I have the feeling that this day and age requires new approaches to identify the underlying narratives that structure our perception of reality in a world where there’s no longer a widely accepted framework for it. The ‘polyphonic’ account takes into consideration the subjective and fictive nature of the categories we use to perceive and define; for me, it sums up a form of the complexity of western functioning.
3. In this exploration, real shots are interwoven with satellite images from the geographical information system Google Earth. What led you to integrate these images and how did you develop them?
In a world that I thought was extensively mapped, I found it very beautiful that we still have doubts about the existence of an island, and I wanted to probe the flaws of this extensive knowledge. Jacques Rivette says that any film is only a documentary of its own making. It was in this spirit that I contacted Google Earth Studio to take some satellite views of our shoot in real time, and I was even able to manage their recording parameters, viewpoints and focus like a director of photography would do. These shots have a distance limit beyond which you can’t zoom in anymore, which makes the image more ambiguous, and it’s this interstice that I chose so that certain elements could remain elusive.
4. One thing leads to another, and we land on what seems to be Podesta Island to discover that it’s not deserted but inhabited by three castaways. The voyage doubles up as a mental roaming through unknown areas of the psyche, between memory, imagination and oblivion. Did you plan this from the start? And how did you write the dialogue and direct the actors?
While researching Podesta, I came across a brief news item about three people who disappeared during a storm off the coast of Chile, and their families have been doing a lot of research because they believe them to be on Podesta. This echoed the controversy about the existence of the island. What’s more, the event really moved me because we can also implicitly see the political context in Chile, families’ tireless searching for the disappeared under Pinochet’s dictatorship, even if this isn’t addressed explicitly in the film.
It was the first time I directed actors to get them to have a dialogue as part of an account. To start with, I’d written a text for them, but I soon realised that I was looking for something different. During rehearsals, I was more interested in them as people and their real-life experience than my texts, and I began to ask them in detail about their memories and key moments in their lives. We settled into a very natural dialogue similar to what I have with my psychoanalyst, associating ideas, letting the subconscious speak. My own analysis process has contributed to a lot of openings and unexpected connections in my artistic work in general. I wanted, in a documentary spirit, for the actors not to be the means to convey a fiction but to convey their own real experience, re-fictionalised and integrated to echo the fiction of the island. One of the characters hits their head “to forget”, and this isn’t innocent in an age when exhaustive data are collected about our lives, and the right to forget has become utopic. But the island is the ideal land to reinvent oneself in an imaginary way – a lot of video games work with the paradigm of this tabula rasa, of a new world that’s still possible.
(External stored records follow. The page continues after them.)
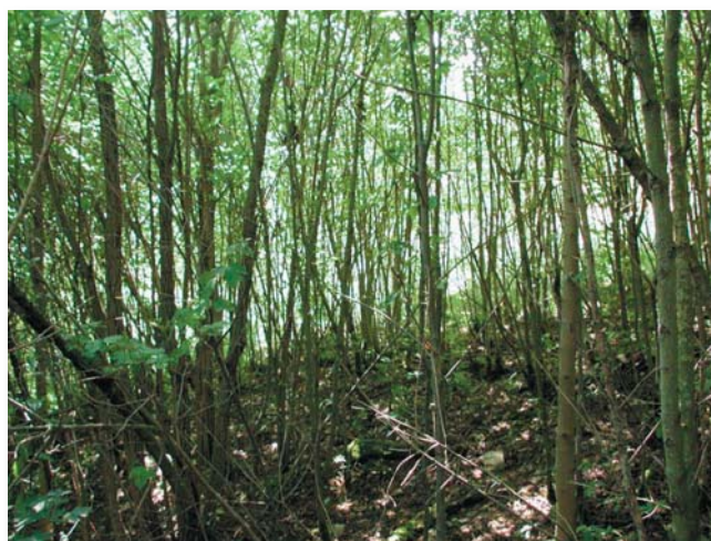
Figure 5: View down the slope in survey area 13 in 2004

By 2004 the number of woody plants had increased to 18 species, corresponding to a 28.6 % growth. The number of species in the tree layer had increased by four species to six and in the shrub cover by ten species to twelve. The most abundant species in the tree layer were Salix caprea (goat willow), Acer pseudoplatanus (sycamore) and Picea abies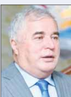
السفير د.زبيدالله زبيدوف

بنود اللجنة، موضحاً أن العلاقات السياسية بين البلدين ممتازة، وأن هناك تنسيقاً بينهما في المحافل الدولية والإقليمية إلا أن العلاقات التجارية والاقتصادية بينهما لا ترتقي للمستوى المطلوب، فهناك رغبة مشتركة لدى الجانبين لتطويرها ولفت إلى أن الزيارة التي قام بها الرئيس إمام علي رحمان إلى الكويت نوفمبر الماضي ناقشت إمكانية تطوير التعاون الاقتصادي والتجاري بين البلدين.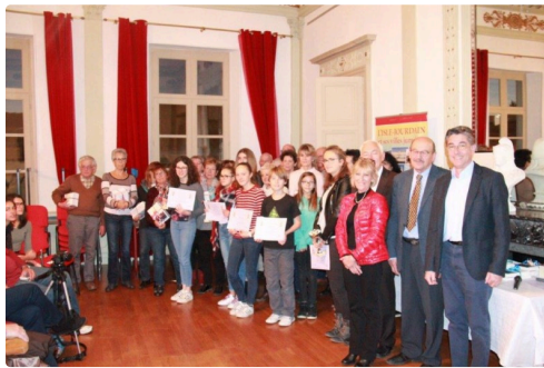
l'ensemble des primés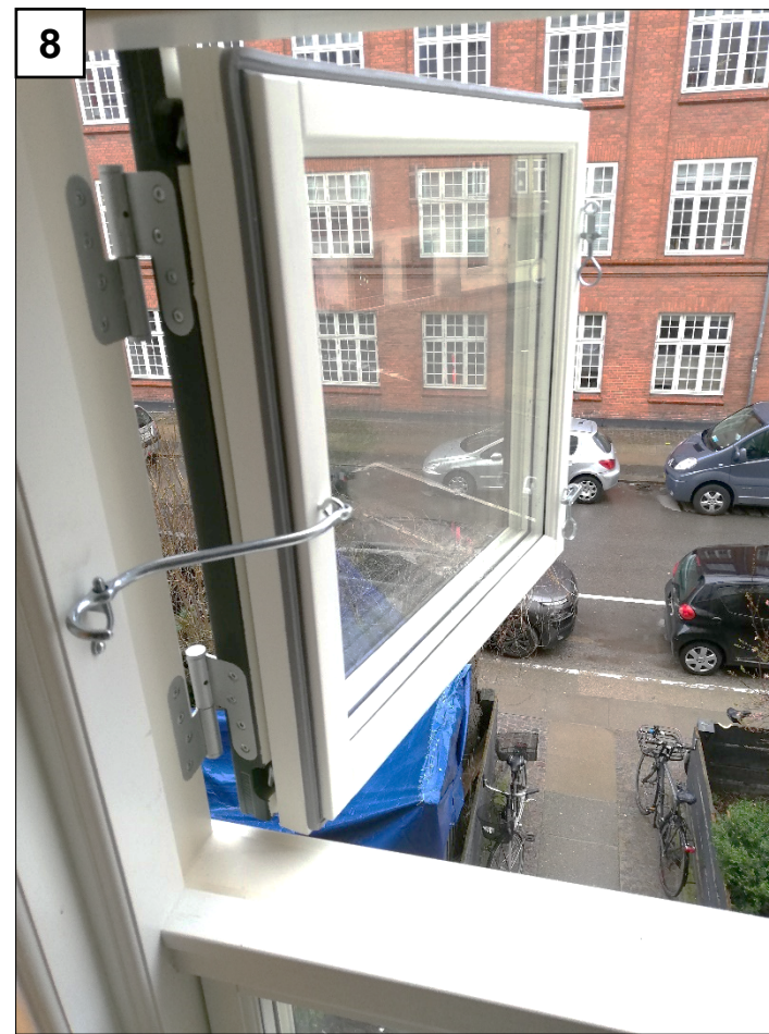
8: Vinduets position kan sikres således, via stormjernet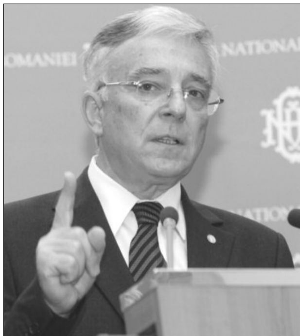
Guvernatorul BNR trage un semnal de alarmă

Guvernatorul a reamintit că băncile au trecut printr-un proces dureros de ajustare, atunci când băncile mamă au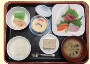
栄養士 福井 彩

6. The film is shot between the Belgian and Irish coasts. How did you choose the locations and what was it like filming in such settings?
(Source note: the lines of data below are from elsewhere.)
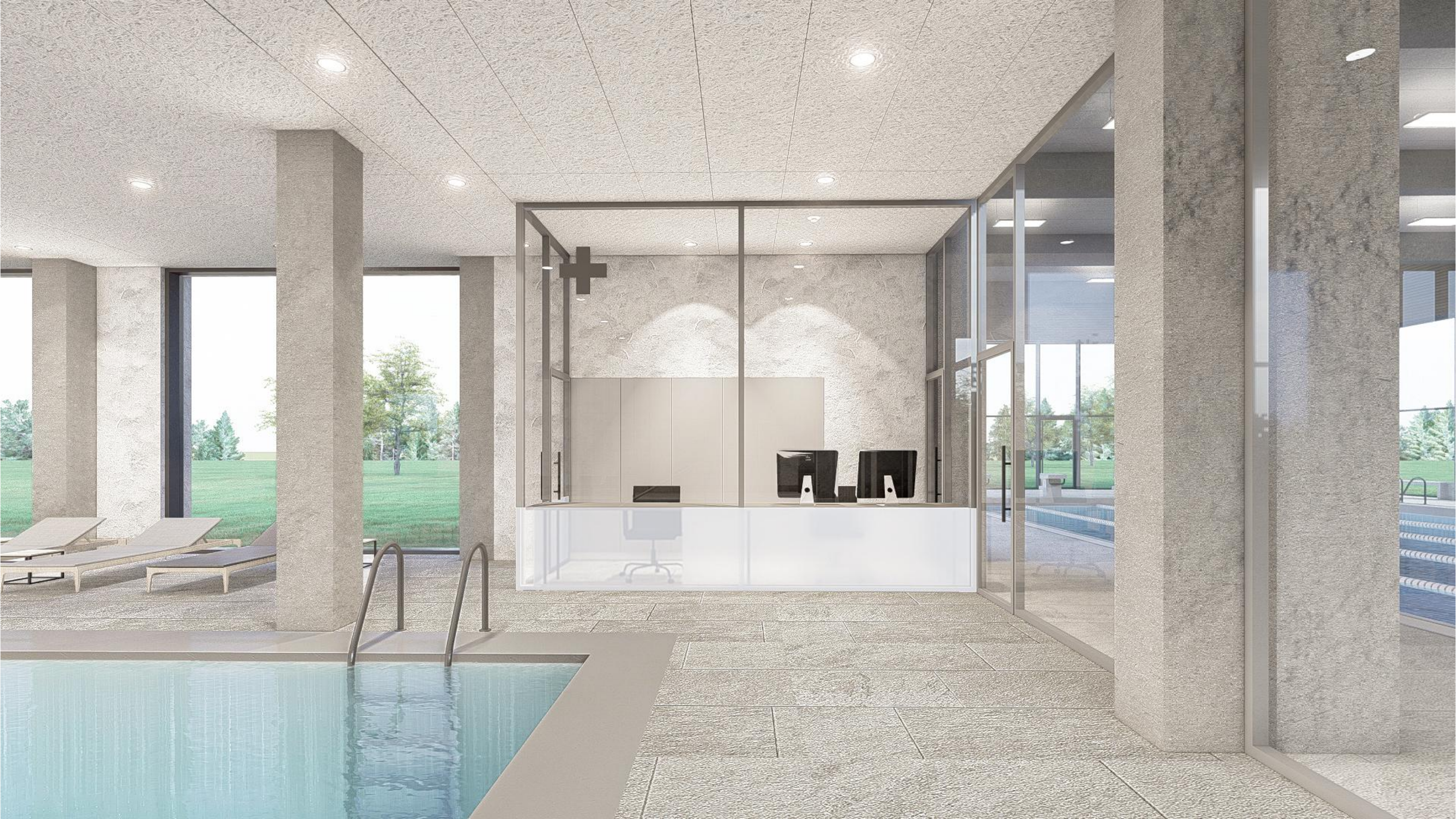
Pozn. 1: VIZUALIZACE JSOU POUZE ILUSTRATIVNÍ A MOHOU SE OD VÝKRESOVÉ DOKUMENTACE MÍRNĚ LIŠIT!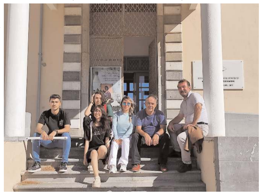
Tarih müzesi önünde hatıra fotoğrafı...

len uzman bir agronomist tarafından kuraklığa dayanıklı bitkiler ve zeytin ağacı yetiştiriciliği hakkında bilgi edinip ağaç diktiler.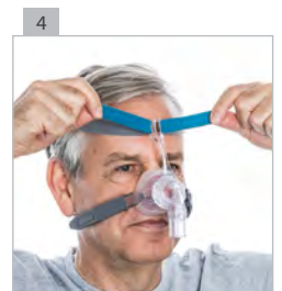
Установите верхние оголовья как можно свободнее, но настолько прочно, как это требуется.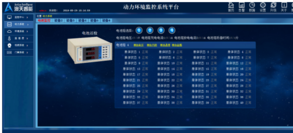
图8 电池监控状态界面图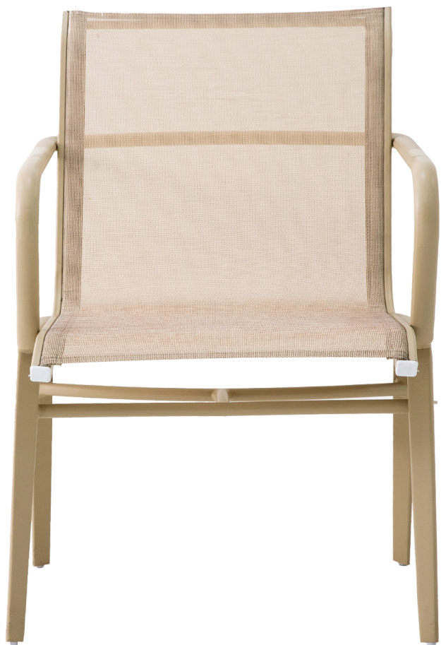
CADEIRA MICHES COLEÇÃO CARIBE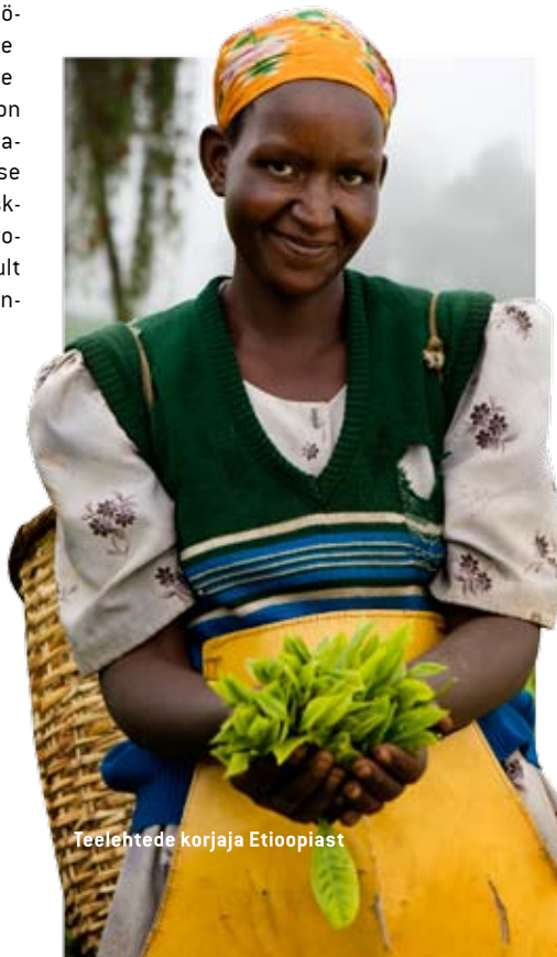
Teeliste korjaja Etiopiast

Euroopasse Guatemala väiketalunike ühistu toodetud kohv. Holland oli esimene riik, kes alustas toodete sertifitseeritud märgistusega Max Havelaar. 1997. aastast alates sätestab standardid tootmisele ja kauplemisele Fairtrade Labelling Organization International, FLO, mis on katuseks õiglase kaubanduse assotsiatsioonidele tarbijauhiskondades ja tootjavõrgustikele arengumaades. Kuni 2004. aastani oli eri riikides kasutusel erinevad sertifitseerimismärgid. Siis võeti kasutusele lehitava inimese kujuga sinirohemust märk. Fairtrade on rahvusvaheliselt registreeritud märk ja seda ei tohi kasutada meelevaldselt.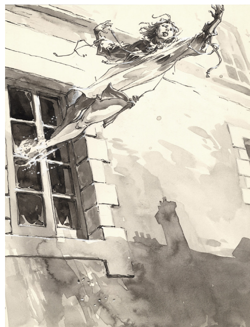
Hôtel Particulier Projet de couverture, 1, 2013 Technique mixte sur papier, 24,1 x 18,2 cm

Les travaux les plus récents de Sorel sont également présentés, comme les planches de Macbeth , Roi d'Écosse , le livre des fantômes (Éditions Glénat – Septembre 2021), second volume du diptyque, librement adapté de la pièce de William Shakespeare.

The shoot on Podesta Island was done with a small, very adventurous documentary film crew, with a lot of freedom and improvisation on location. The journey was also a kind of roaming and research into the sense of insularity. All sorts of adventures and circumstances shaped the film: incredibly hostile weather, a tornado, storms while we were at sea and so on. The expedition had a hint of the extreme film shoots of Werner Herzog, one of my heroes! I chose not always to mask the traces of the weather or the filming accidents so as to retain this brutality we were faced with.
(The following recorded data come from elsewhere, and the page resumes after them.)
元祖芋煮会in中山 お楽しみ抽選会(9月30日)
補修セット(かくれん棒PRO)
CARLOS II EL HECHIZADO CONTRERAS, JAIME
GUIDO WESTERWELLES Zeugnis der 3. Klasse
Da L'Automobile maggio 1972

7. In the film, someone says “absence is terrifying and sometimes we need to fill it by telling stories.” In fact, the movie seems not to want to solve the mystery surrounding the island, but instead to celebrate the infinite possibilities of creation offered by the void and the unknown. Do you know yet what your next project will address and in what form it will be presented?
I’m currently finishing editing my new project, a documentary essay about Point Nemo, a very isolated marine area in the South Pacific used as a vast spacecraft cemetery to deposit obsolete but controllable spacecraft and satellites. Very little is known or has been written about this place. There’s practically no archives or images of this point. I’m interested in a non-human point of view, the point of view of a spacecraft from its birth to its death using various fictive and real archives. The film is constructed to the rhythm of a funeral rite, the funeral of a machine loaded with fantasies of exploring but also of a utopic belief in technology and progress.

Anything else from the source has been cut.